> _Source data_:
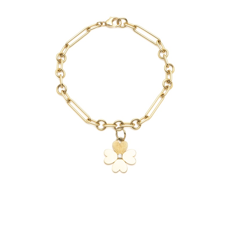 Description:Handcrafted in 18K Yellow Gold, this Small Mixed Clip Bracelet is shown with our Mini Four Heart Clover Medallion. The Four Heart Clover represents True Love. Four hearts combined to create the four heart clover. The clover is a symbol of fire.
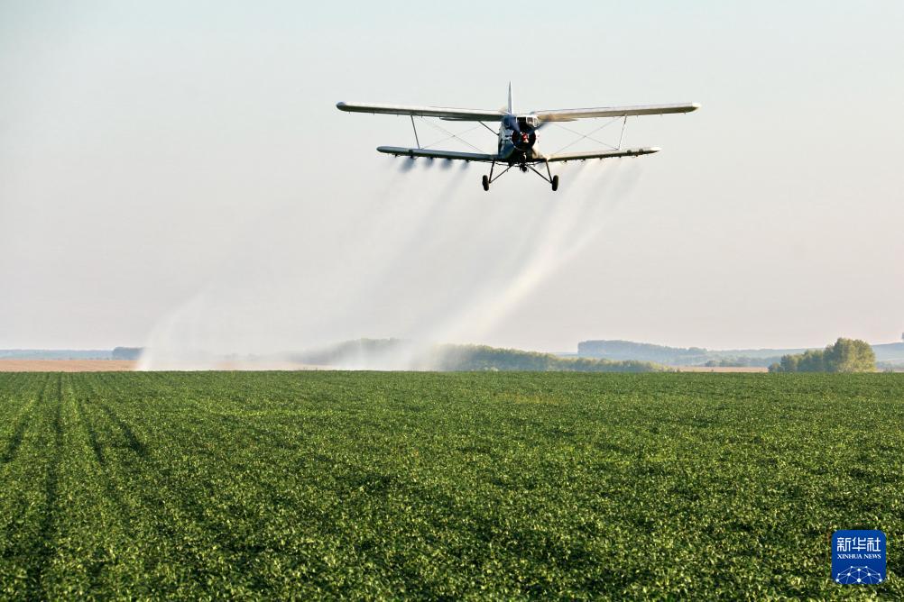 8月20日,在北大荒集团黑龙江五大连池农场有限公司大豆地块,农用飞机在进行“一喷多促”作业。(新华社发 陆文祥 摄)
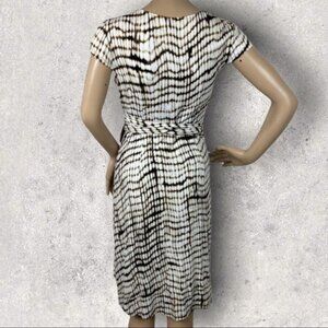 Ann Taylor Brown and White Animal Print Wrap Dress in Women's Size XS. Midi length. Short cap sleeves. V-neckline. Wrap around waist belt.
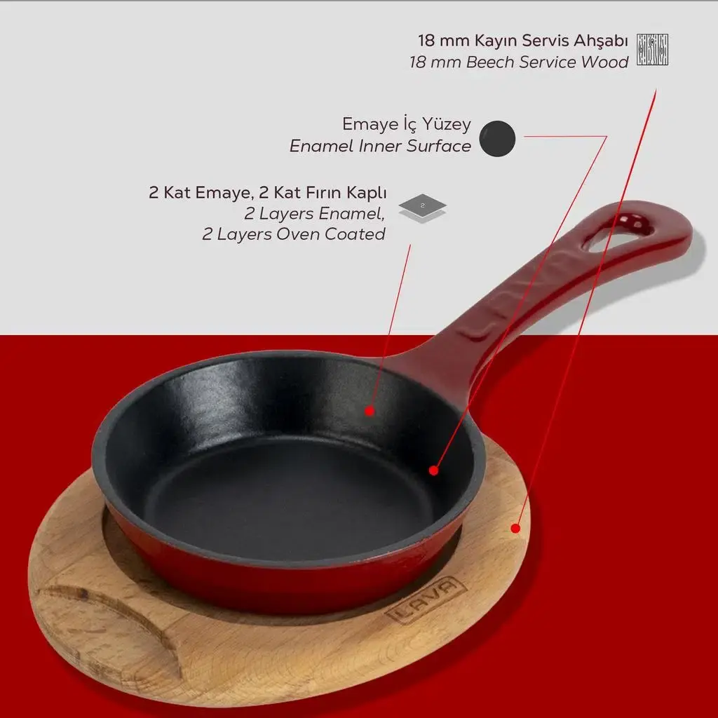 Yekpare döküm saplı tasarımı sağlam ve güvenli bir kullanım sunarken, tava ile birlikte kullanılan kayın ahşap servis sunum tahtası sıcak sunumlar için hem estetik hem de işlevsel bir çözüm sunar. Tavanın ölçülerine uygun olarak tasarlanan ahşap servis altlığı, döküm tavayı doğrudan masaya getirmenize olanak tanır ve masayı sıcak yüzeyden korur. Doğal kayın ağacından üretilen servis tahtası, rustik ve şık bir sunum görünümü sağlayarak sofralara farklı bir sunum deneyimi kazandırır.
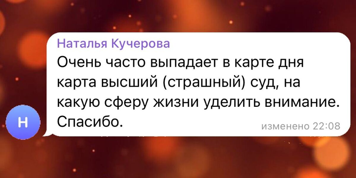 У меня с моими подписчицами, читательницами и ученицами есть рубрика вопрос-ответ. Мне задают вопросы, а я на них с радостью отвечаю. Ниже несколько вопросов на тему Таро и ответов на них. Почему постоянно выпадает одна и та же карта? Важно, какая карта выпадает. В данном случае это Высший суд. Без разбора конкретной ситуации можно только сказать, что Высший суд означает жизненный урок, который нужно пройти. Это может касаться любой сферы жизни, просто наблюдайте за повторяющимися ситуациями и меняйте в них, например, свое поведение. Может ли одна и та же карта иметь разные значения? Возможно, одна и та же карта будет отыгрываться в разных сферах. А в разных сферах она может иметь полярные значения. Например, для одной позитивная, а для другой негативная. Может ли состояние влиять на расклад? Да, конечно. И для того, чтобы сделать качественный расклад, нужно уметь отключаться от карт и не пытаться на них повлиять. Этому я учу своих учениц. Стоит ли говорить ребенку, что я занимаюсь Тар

> _Try it_: Write out exactly and only the lines that run from the start of the data above through the line containing "Yekpare döküm saplı", leaving the pictures out.

> _Exercise answer_:
 Description:Handcrafted in 18K Yellow Gold, this Small Mixed Clip Bracelet is shown with our Mini Four Heart Clover Medallion. The Four Heart Clover represents True Love. Four hearts combined to create the four heart clover. The clover is a symbol of fire.
 8月20日,在北大荒集团黑龙江五大连池农场有限公司大豆地块,农用飞机在进行“一喷多促”作业。(新华社发 陆文祥 摄)
 Ann Taylor Brown and White Animal Print Wrap Dress in Women's Size XS. Midi length. Short cap sleeves. V-neckline. Wrap around waist belt.
 Yekpare döküm saplı tasarımı sağlam ve güvenli bir kullanım sunarken, tava ile birlikte kullanılan kayın ahşap servis sunum tahtası sıcak sunumlar için hem estetik hem de işlevsel bir çözüm sunar. Tavanın ölçülerine uygun olarak tasarlanan ahşap servis altlığı, döküm tavayı doğrudan masaya getirmenize olanak tanır ve masayı sıcak yüzeyden korur. Doğal kayın ağacından üretilen servis tahtası, rustik ve şık bir sunum görünümü sağlayarak sofralara farklı bir sunum deneyimi kazandırır.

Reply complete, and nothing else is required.